I hope I haven't just described something you'd consider to be a travel blog. As to whether other people would find the result interesting... well, I guess that depends, but I should think that if you find subjects that interest you, they'll interest other people too.
posted by ManyLeggedCreature at 10:50 AM on October 22, 2011 [3 favorites]

Sorry if there is something really obvious I missed, but why would you not be focused very intently on using your rudimentary language skills to pick up Taiwanese women?
posted by Meatbomb at 11:06 AM on October 22, 2011

You have Meatbomb's suggestion, but I have a friend who rapdily increased her Mandarin skills in mainland China from rudimentary to very conversational by talking to people in stores and to street vendors. Also, old people. She found they often had nothing particular to do, had a lot of opinions and usually had not had a chance to interact with foreigners. Everyone wins!

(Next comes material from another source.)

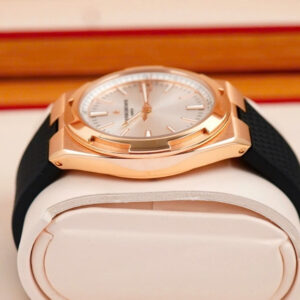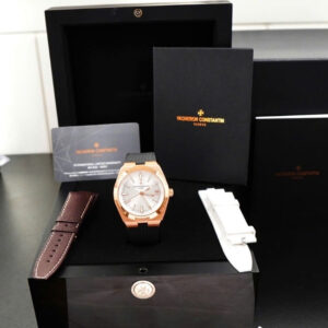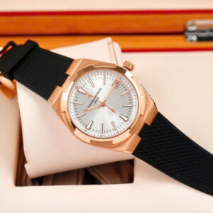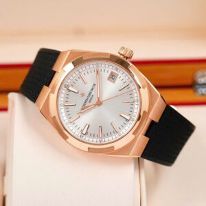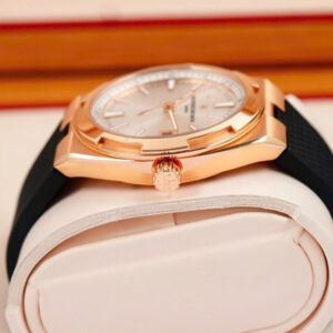 Điểm thu hút của Vacheron Constantin 4500V/000R-B127 nằm ở bộ vỏ vàng hồng 18k sang trọng, kết hợp hoàn hảo giữa các bề mặt chải xước và đánh bóng, tạo nên hiệu ứng ánh sáng ấn tượng khi đeo trên tay. Kích thước mặt số 41mm mang đến sự cân đối, phù hợp với đa số cổ tay nam giới hiện đại. Mặt số màu nâu sẫm tinh tế, được hoàn thiện dạng sunburst, giúp tăng chiều sâu và tạo điểm nhấn nổi bật khi thay đổi góc nhìn.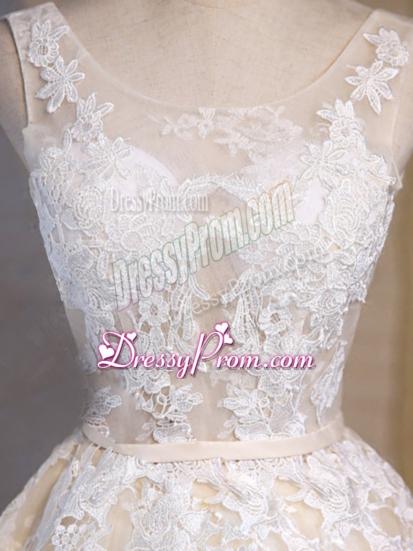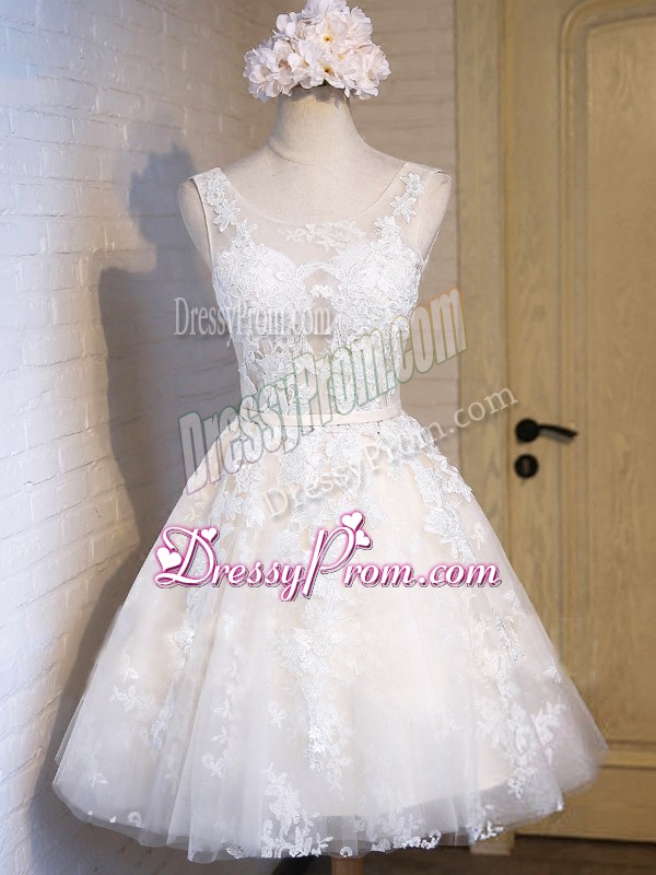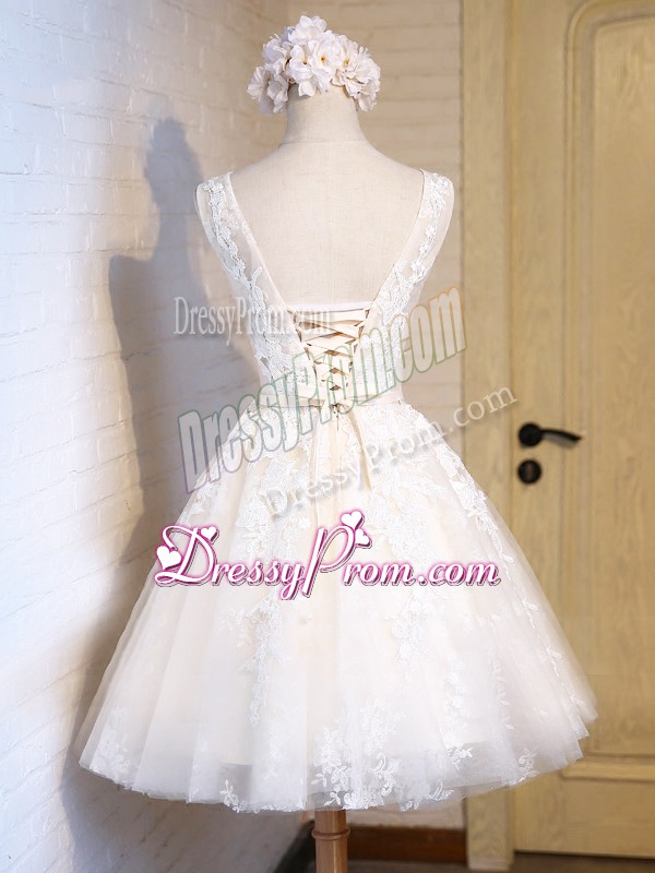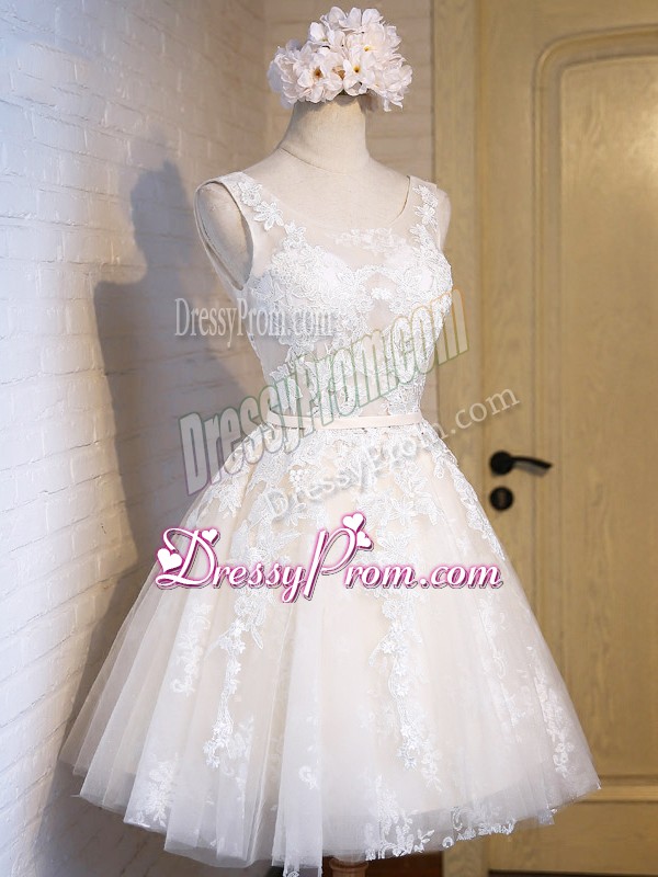Neckline : ScoopShown Color : WhiteSilhouette : A-lineSleeve Length : sleevelessHemline : mini lengthBack Detail : Lace upFabric : TulleEmbellishment : AppliquesOccasion : Prom,Party,Sweet 16Season : Spring,Summer,Fall

You could learn about your particular interests from these people's perspectives and blog or photoblog on that, keeping track of new expressions and vocabulary (though it is worth keeping in mind any local sensitivities about talking about politics - when I did a project like this in Cuba, I talked with people about the Chinese and history of Chinese in the country, but didn't want to talk too in-depth about current politics).
posted by whatzit at 11:39 AM on October 22, 2011

How about something more sporty? There's dragonboat racing, rock-climbing, a kickboxing class at CKS Memorial, there's even surfing and a sailing club not too far from Taipei. And of course basketball. A group sport of sometime would definitely get you out of your apartment, into the city, and engaging with locals and other foreigners, along with all the usual benefits of exercise.
posted by villanelles at dawn at 12:58 PM on October 22, 2011

The ideas in this thread are great!

Also, maybe try Calligraphy (书法) if you feel arty. You could get a few brushes and an intro book and draw characters that you see during the day. It's a good way to "zone in" and it helps with language learning a little bit too.
posted by Winnemac at 4:53 PM on October 22, 2011

Hi! I found myself with the same feelings when I moved overseas. I moved to Vienna about two years ago. I started a single-topic tumblr of Viennese Doors (self-link, excuse me).
I initially started it to look at the city through one facet of architecture with mild hopes of it becoming a coffee table book one day. But I've really enjoyed the project itself. I see different parts of the city and learn about styles and history. But most importantly I keep seeing the city as something new. I think of this quote from True Stories:
"When I first come to a place, I notice all the little details. I notice the way the sky looks. The color of white paper. The way people walk. Doorknobs. Everything. Then I get used to the place and I don’t notice those things anymore."
I didn't want to "get used" to this place. Choosing one element to examine over and over again, counterintuitively keeps the place fresh. Enjoy your time there!
posted by montaigneisright at 3:05 AM on October 23, 2011 [2 favorites]

A photo a day! Any number of projects challenge you to get a different subject, and so on.

The blog idea would work - it could be a good place to write about life in Taiwan. My blog (in my profile) might provide some inspiration, as I'm in Korea :)
posted by chrisinseoul at 6:01 AM on October 23, 2011

landscape painting. (think outside the box on this one...avoid the 'field with house and tree' at all costs...look for weirdness) someone will always come along to talk to you. quite often, ahem, cute someones.